• Entries provided:
━━━━━━━━━━━━━━━━━━━━
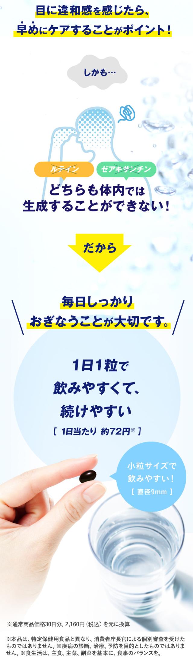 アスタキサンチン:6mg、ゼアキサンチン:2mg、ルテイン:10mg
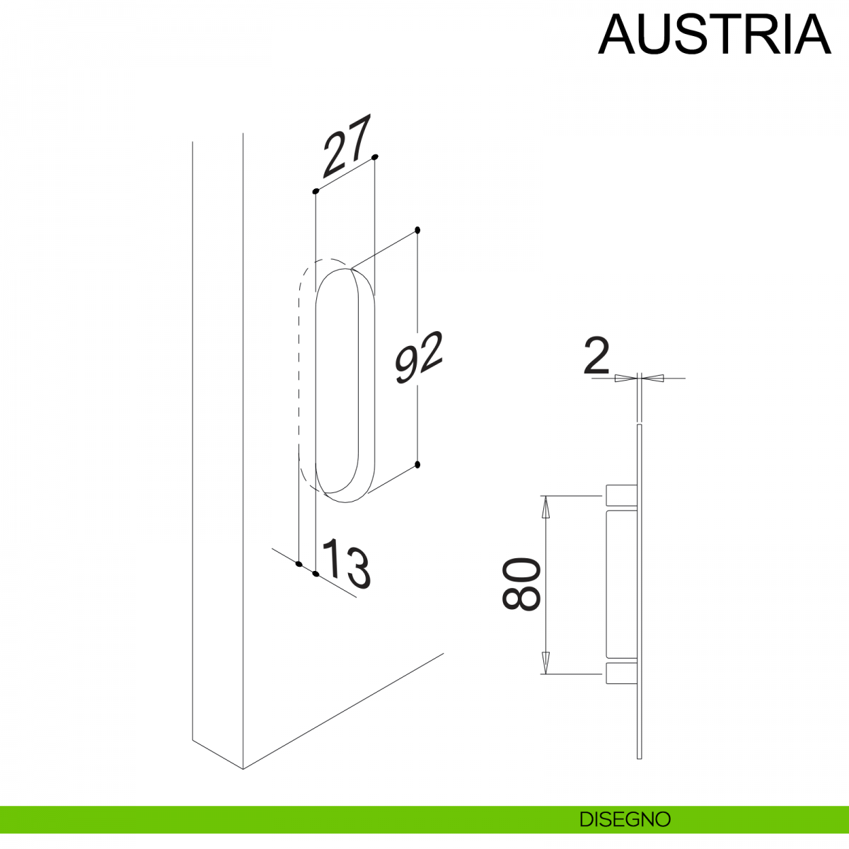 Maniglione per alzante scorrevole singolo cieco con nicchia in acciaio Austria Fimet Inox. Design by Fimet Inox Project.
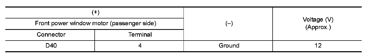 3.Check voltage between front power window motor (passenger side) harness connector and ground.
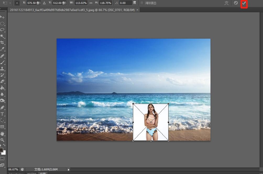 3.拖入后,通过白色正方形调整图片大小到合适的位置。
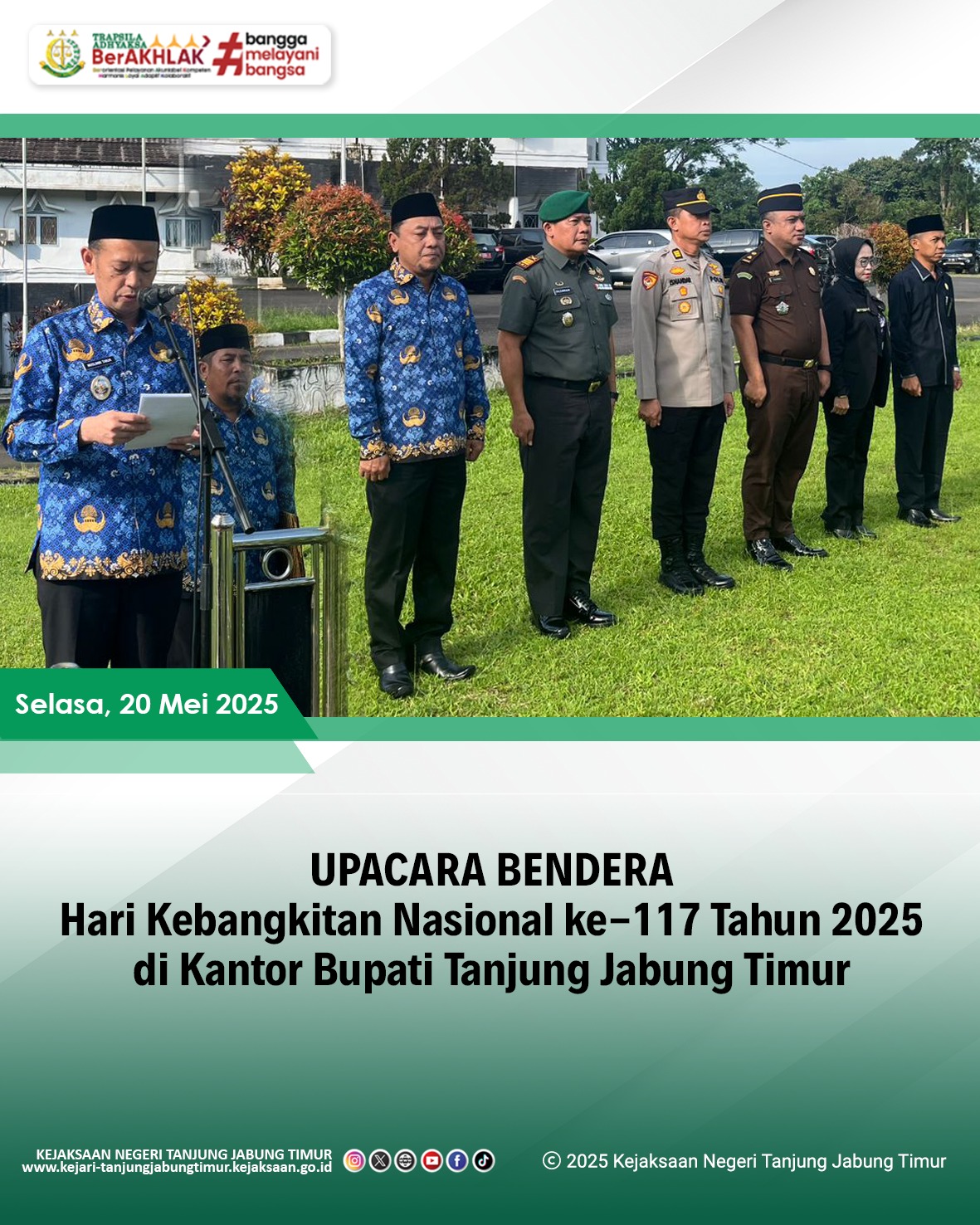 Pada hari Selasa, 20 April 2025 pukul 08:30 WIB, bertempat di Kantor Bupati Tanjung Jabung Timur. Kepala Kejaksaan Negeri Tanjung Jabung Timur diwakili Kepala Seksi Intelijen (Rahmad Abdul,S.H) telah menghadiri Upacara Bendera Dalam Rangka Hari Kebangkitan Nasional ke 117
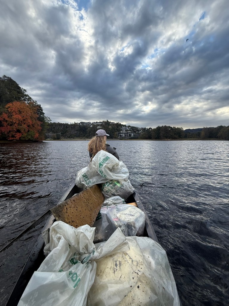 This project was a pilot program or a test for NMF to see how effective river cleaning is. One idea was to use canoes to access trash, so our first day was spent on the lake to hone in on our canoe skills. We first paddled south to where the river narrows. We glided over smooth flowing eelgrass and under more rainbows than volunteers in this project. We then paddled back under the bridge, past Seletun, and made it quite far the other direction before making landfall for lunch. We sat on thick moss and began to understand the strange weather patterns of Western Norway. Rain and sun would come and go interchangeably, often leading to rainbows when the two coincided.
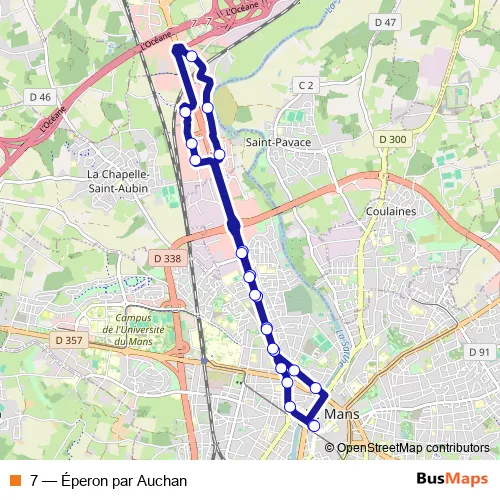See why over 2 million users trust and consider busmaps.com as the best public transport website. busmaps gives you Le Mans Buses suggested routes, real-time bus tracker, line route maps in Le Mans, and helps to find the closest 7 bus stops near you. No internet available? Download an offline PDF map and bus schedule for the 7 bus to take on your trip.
━━━━━━━━━━━━━━━━━━━━
• What to work on: Each record above is to be written out exactly; the pictures are not.

• Completed exercise:
 アスタキサンチン:6mg、ゼアキサンチン:2mg、ルテイン:10mg
 Maniglione per alzante scorrevole singolo cieco con nicchia in acciaio Austria Fimet Inox. Design by Fimet Inox Project.
 3.Check voltage between front power window motor (passenger side) harness connector and ground.
 3.拖入后,通过白色正方形调整图片大小到合适的位置。
 Pada hari Selasa, 20 April 2025 pukul 08:30 WIB, bertempat di Kantor Bupati Tanjung Jabung Timur. Kepala Kejaksaan Negeri Tanjung Jabung Timur diwakili Kepala Seksi Intelijen (Rahmad Abdul,S.H) telah menghadiri Upacara Bendera Dalam Rangka Hari Kebangkitan Nasional ke 117
 This project was a pilot program or a test for NMF to see how effective river cleaning is. One idea was to use canoes to access trash, so our first day was spent on the lake to hone in on our canoe skills. We first paddled south to where the river narrows. We glided over smooth flowing eelgrass and under more rainbows than volunteers in this project. We then paddled back under the bridge, past Seletun, and made it quite far the other direction before making landfall for lunch. We sat on thick moss and began to understand the strange weather patterns of Western Norway. Rain and sun would come and go interchangeably, often leading to rainbows when the two coincided.
See why over 2 million users trust and consider busmaps.com as the best public transport website. busmaps gives you Le Mans Buses suggested routes, real-time bus tracker, line route maps in Le Mans, and helps to find the closest 7 bus stops near you. No internet available? Download an offline PDF map and bus schedule for the 7 bus to take on your trip.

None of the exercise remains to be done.